Pakdd Competition 2007 Report

PAKDD COMPETITION 2007 REPORT

Participant 106

Members:

Fery Suryadi

Priya Jhanji

Mohammed Dwikat

Mallikarjuna C Jayanty

Deivanayagam Kannabiran

Date : April 15, 2007

Management Science and Information Systems

OklahomaStateUniversity

Stillwater

Oklahoma

2007

I. Introduction

The problem investigated in this report is how to build a decision model from an original sample dataset of the credit card users of a particular finance company. The modeling data set has 40700 observations with 40 model variables. The target variable is “Target_Flag”. The company wants to build a decision model that predicts which customer is more likely to open a new credit line within 12 months of opening a credit card account. The objective to accurately predict as many customers as possible from the Score set provided. The processes carried out can be divided into Data Preparation, Experiments, Results and Business Insight.

II. Data Preparation

The modeling data set provided for creating the model is highly unbalanced. We have only 700 yes responses and it is less than 2% of the entire sample. We decided to create several balanced samples, consists of 700 yes responses and 700 no responses, to build our model. Though the balanced dataset thus created has equal number of yes and no answer, the prior probabilities of the original dataset (No-98.28% and Yes-1.72%) have been applied. This makes sure that the balanced dataset thus created behaves like the original one.

Some variables such as DISP_INCOME_CODE (because there are a lot of missing values) and B_DEF_UNPD_L12M (it being a unary variable) are rejected. We changed the roles (such as from segment to input) and levels (such as from nominal to binary) of several variables to more appropriate ones to suit their values.

Before we build the model, we have to train the data. Therefore, we split the data by using 70% training data and 30% validation data. Given the number of missing values, we use an imputation node. We transformed some of the variables to make sure theyfollow normal distribution. More than one variable selection methods are used in preparing the dataset to know which the important variables are.

III. Experiments

In the experiments carried out, many methods were tested in combination with several datasets that we created. We built our model by using several techniques, such as logistic regression model, decision tree, artificial neural network, and auto neural network. Later on we combined those models by using ensemble model to create a new model that is the combination of model we specified. The goal was to select the model with the best ROC (and perhaps misclassification) values. We selected the classifier that maximized our validation ROC.

We usedanother measurement besides ROC to find out the performance of each model, such as misclassification rate to find out the accuracy rate of our model. We decided that we cannot just go about selecting a model based on just one classifier. We also ran a crosstab between the predicted and actual values and our model’s accuracy turned out to be almost 64%.The number of false positive and false negative values,which play a major role, can be calculated from each model by using the ROC curve and its respective output window.
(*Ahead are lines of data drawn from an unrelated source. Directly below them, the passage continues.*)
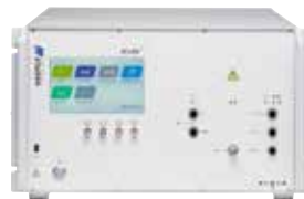
AXOS 8 Surge Test System Article no. 2490810

Surge 1.2/50 \mu s...8/20 \mu s IEC/EN 61000-4-5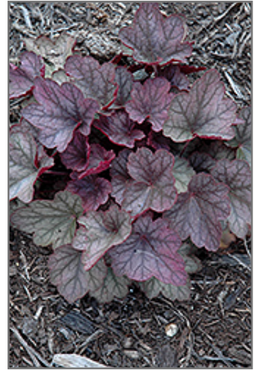
Carnival Rose Granita Coral Bells foliage

Carnival Rose Granita Coral Bells is recommended for the following landscape applications;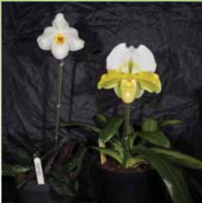
Paph. Armeni White & Buckhurst – Malcolm Moodie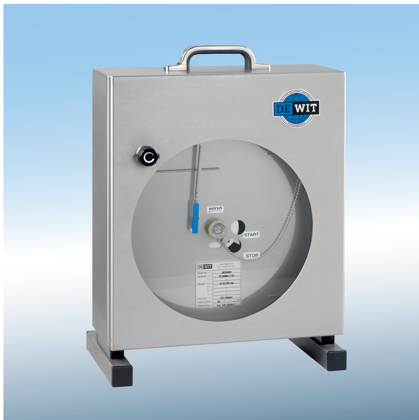
St. Steel AISI 316 Case 12" Chart Recorder De Wit model 4870SS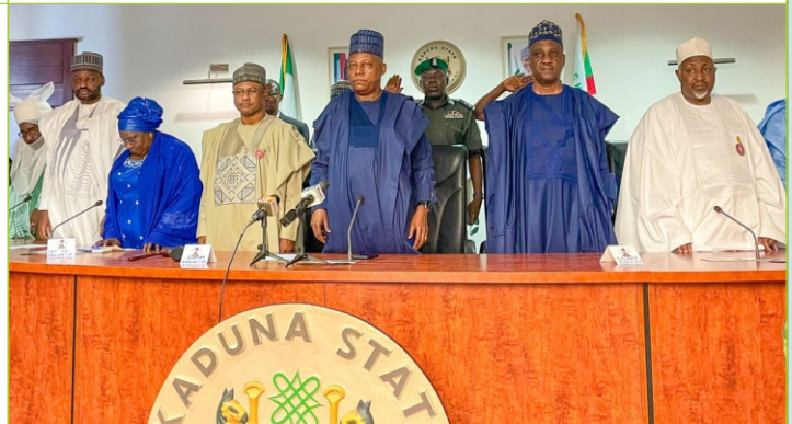
Vice President Shettima, Governor Uba Sani, speaker house of Reps. Tajudeen Abass and Minister of Defence Badaru before a meeting with Religious Leaders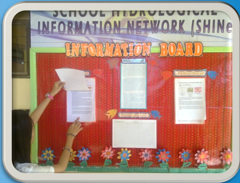
Updating the information board for more SHINe updates....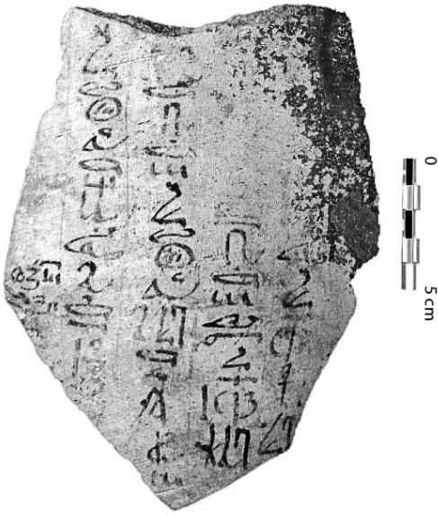
FIG. 1. Photograph of the Amheida ostrakon. 7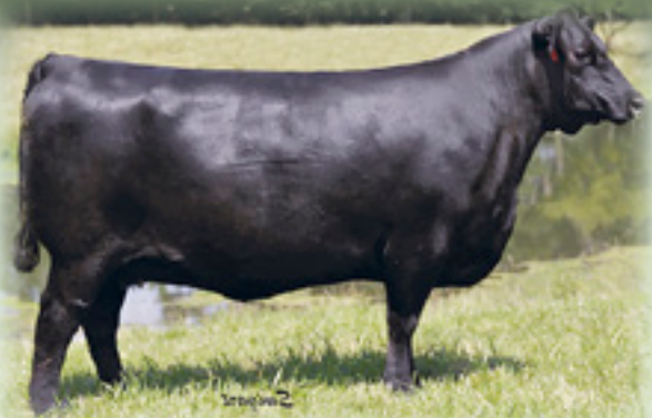
SAV BLACKCAP MAY 8245 - $22,000 dam of Lots 17, 17A and 17B and grandam of Lots 18, 19 and 20.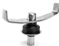
Blunt safety blade 10X STRONGER than traditional blades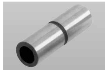
Steel (with lube hole) For use with roller bearing wheels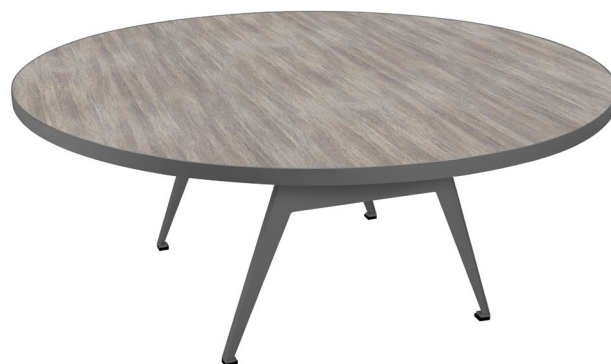
Model #: DS72RDAL Weathered Fiberwood Laminate w/ Iron legs & perimeter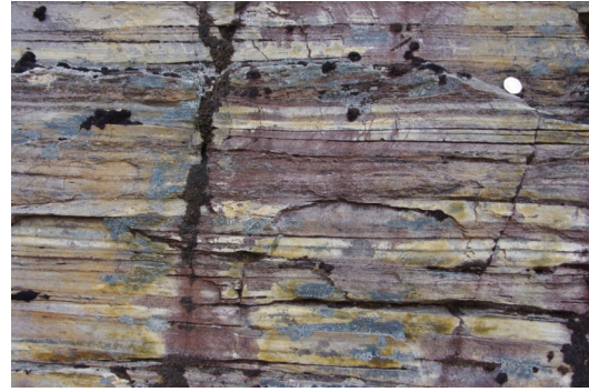
Schist mylonite at Eagle's Rock

From this exposure the path winds up fairly steeply to the base of the cliff which runs along the mountainside, producing an abrupt stop to the heather - covered slopes climbed so far. Here, an interpretation board and small sculptures tell you the story of the Moine Thrust with a large hand carved from Moine Schist lying on a bedding plane of the lower of two rock beds. This rock is the Durness Limestone, grey when fresh but weathering to the creamy colour seen at this exposure. Immediately in contact with it, the upper 'bed' is very dark Moine Schist. Gill placed her hand on the discontinuity to span, in less than one hand's breadth, a break of 500 million years. On either side of this site, the unconformity stretched along the mountainside and could be followed along the footpath. Presently, the path rose steeply and somewhat precipitously to the moorland at the top from where views allowed one to see all the rock types laid out. Here, with one's back to the Crag, the moor, the 'A Mhoine' of the Gaels, rolled almost endlessly away to the east. To the west, beyond the crag in the distance, Torridonian Sandstone formed the high ground while the middle ground was Durness Limestone, marked by patches of bare rock, and then, in the foreground, a marshy strip with much Cottongrass gave away the outcrop of the Cambrian Basal Quartzite. The path turned abruptly south along the edge of the schist cliff for about half

All our processes were carried out with the help of Enterprise Miner 5.2.

IV. Results

We compared our entire model to find out the best model for our data set. The best model was being used to score the scoring dataset provided. The best result of model predictionis obtained through ensemble model with the option of maximum posterior probabilities. The score values by using this model can be viewed in the file that we send along with this report.

V. Business Insight

Regarding the variable selection, some of the variables which we thought were not necessary were included in the model. For e.g. B_ENQ_L6M_GR3 was included in the model when we assumed it would be eliminated since B_ENQ_L12M_GR3 also is almost similar but it differed only in the time constraint. But after looking at the strong connection between these variables, it was clear that we cannot reject either of the variables from the dataset.

The fact that the process of selecting a single customer takes into account so many variables is of a high importance here. It is very strange that the overlap which was called as being small is actually minute here which ultimately shows that not a lot of the customers chose the option of taking a home loan. This could due to various reasons which can be cited some of them being high interest rates or high principal involved.